Spirals rather than circles

So far I have described things like musical notes, days of the week etc. as lying on a circle. This is certainly true, but isn’t the full picture. If you start at the lowest A note on a piano and move 12 semi-tones to the right, you definitely end up on A again. However, it’s A in the next octave up. Similarly if you start on a Monday and move on 7 days, you definitely end up on Monday again. However, it’s Monday of the following week.

One way to combine things staying the same (A becomes A again) and things being different (one octave to the next one) is to think of the values as being laid out on a spiral rather than a circle. If you look at the spiral end-on, as you go from the lowest A to the A of the next octave up, you appear to end where you started (on A) as the two As sit one in front of the other on the spiral. However, if you look at the spiral from the side, you see the note is continuously moving from one end to the other.

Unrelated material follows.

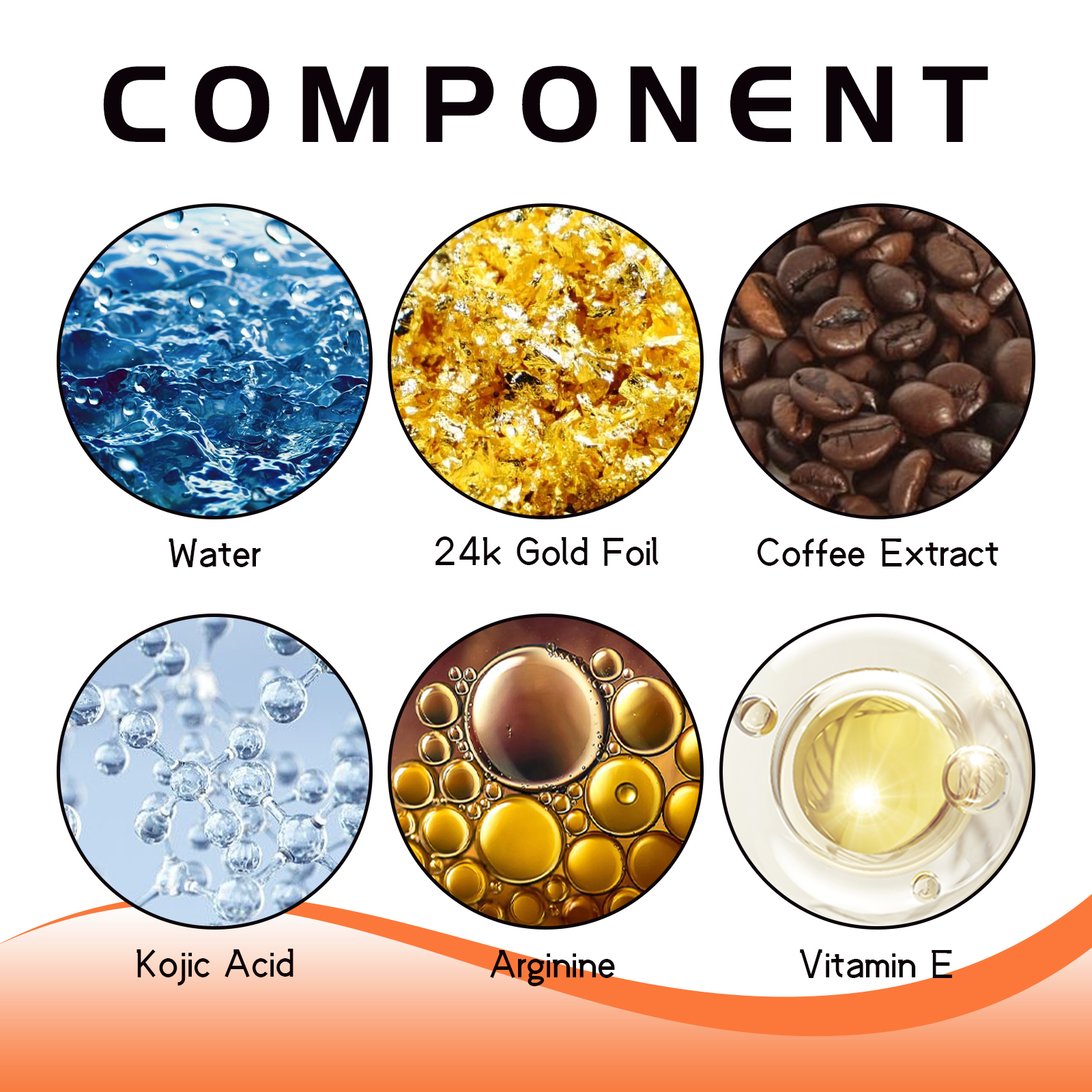 Our 24k Gold Peptide Reversal Serum contain 24 k gold foil, kojic acid, arginine. It can reduces the appearance of fine lines and wrinkles, reduces puffiness and dark circles, plumps up and smooths skin, brightening and tightening, repairing and moisturizing skin. Its usage is simple: Wash and dry skin, apply an appropriate amount of essence evenly on the face and neck, massage gently with your hands in circular motions for absorption. Accelerate the skin's nutrient absorption, promote microcirculation and make bose skin rebound and rejuvenate.

Another way of thinking about it is to think of how numbers are represented in normal Arabic numbers. The right-most digit only ever goes 0 to 9. If you start at 0 and keep adding 1, once the number has got to 9, then the right-most digit goes back to 0 again. This is like modulo arithmetic. However, the column to the left goes up from 0 (which is normally hidden) to 1 so the full thing is 10. You can think of a musical note as being e.g. 3C or 7F, where the right-most digit is normal name for the note and the left-most is which octave it’s in. (Normally notes would be written C3 or F7, which is the reverse order of how we’d write numbers such as 10, also known as little endian rather than big endian.)

Conclusion

There’s no great point to this article, other than to point out how modulo arithmetic crops up a lot even if it doesn’t go by that name. Many everyday things, such as days of the week or musical notes, are a form of modulo arithmetic. Computer programmers can get bitten by the modulo arithmetic imposed on them by real world computers, leading to overflow and underflow.